Infrastructure Monitoring

The pro-active monitoring of our services is key to maintaining our excellent level of high availability. By monitoring every layer of our infrastructure and web application we can quickly respond to any service degridation, often automatically taking action before any noticable impact has occurred. Such actions include automatically failing over to different hardware or removing failed nodes from a cluster.

We also monitor for issues affecting capacity, identifying when resource needs to be scaled out through the addition of more application servers, or when things such as extra storage need to be provisioned.

Network monitoring

We monitor connectivity to our infrastructure from a remote datacentre operated by a third party provider.

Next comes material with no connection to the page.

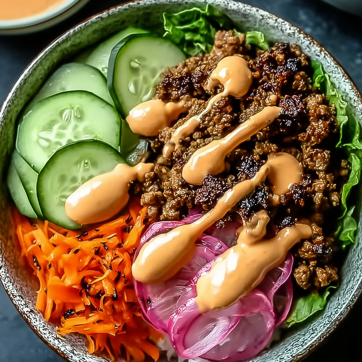 The seasoned beef and sauce will both keep well for up to 3 days in the fridge. Store the veggies separately for the best texture, and always assemble bowls fresh to avoid soggy greens.

In the unlikely event that there is a complete loss of network connectivity our technical teams are immediately alerted via email and/or SMS and can investigate accordingly.

Our service uptime is calculated from this remote location so it is an accurate representation of a remote user accessing our services.

Security monitoring

We utilise a range of industry leading monitoring tools to constantly analyse traffic to and from our infrastructure for signs of any potential security incidents. All audit data generated by the ESB platform is continuously monitored for signs of unusual activity and these are acted upon accordingly.

High availability and disaster recovery monitoring

An important part of our monitoring is ensuring the health of our high availability and disaster recovery measures. For example monitoring the health of cluster nodes that make up a high availability cluster service such as SQL server, and monitoring the production and validity of backups to ensure our disaster recovery procedures can be implemented if necessary.

Tooling and Technology

Our infrastructure monitoring system is based on Nagios - a powerful and reliable open-source monitoring platform.

We run a mixture of Linux and Windows workloads and each is tightly integrated with Nagios through a mixture of passive and active checks. We also integrate with CloudWatch so we can track performance metrics associated with the underlying resources provided by AWS.

Currently over 500 metrics are monitored, each with their own set of thresholds and associated actions.